The PPIHC is a dangerous sprint run of 12.42 miles that begins at 9,390 feet and finishes at the mountain’s 14,110-foot summit’s and is a grueling test on both man and machine. As the drivers climb toward the summit, the thinner air slows the reflexes and saps the muscle strength. That same thin air also robs engines of 30% of their power at the summit. Both the competitor and vehicle need to be in top shape simply to finish… let alone win.

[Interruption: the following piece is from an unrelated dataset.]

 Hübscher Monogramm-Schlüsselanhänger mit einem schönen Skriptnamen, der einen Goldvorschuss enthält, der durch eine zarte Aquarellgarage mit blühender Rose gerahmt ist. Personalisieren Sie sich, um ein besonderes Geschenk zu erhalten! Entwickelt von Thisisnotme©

Banks teamed up with Dallenbach Racing to take on the annual the Pikes Peak International Hill Climb. Driver Paul Dallenbach had set records on the mountain before and was aiming to be the first person to beat the 10-minute mark in the Unlimited class. Banks added extra firepower to the aerodynamic racer with a Twin-Turbo system, raising the engine’s power output from 745 hp & 650 lb-ft to an amazing 1,400 hp & 1,301 lb-ft. The engine improvements utilize Banks’ altitude compensation technology that they developed originally for the US military.

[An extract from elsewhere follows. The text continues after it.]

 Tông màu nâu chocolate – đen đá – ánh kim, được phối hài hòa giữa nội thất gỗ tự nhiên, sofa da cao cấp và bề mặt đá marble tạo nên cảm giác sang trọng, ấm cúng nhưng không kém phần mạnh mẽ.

The electronic engine management is set-up to deliver constant air density to the intake manifold from the start of the run to the peak of the mountain where the air is much thinner. To compensate for the thinning air as the racecourse climbs the mountain the turbo speed increases to feed the engine with the same density as at lower altitudes. Driver and car were recorded as having the fastest times in the Unlimited class during testing, but a half shaft breaking upon the actual race’s launch would keep the car out of the competition.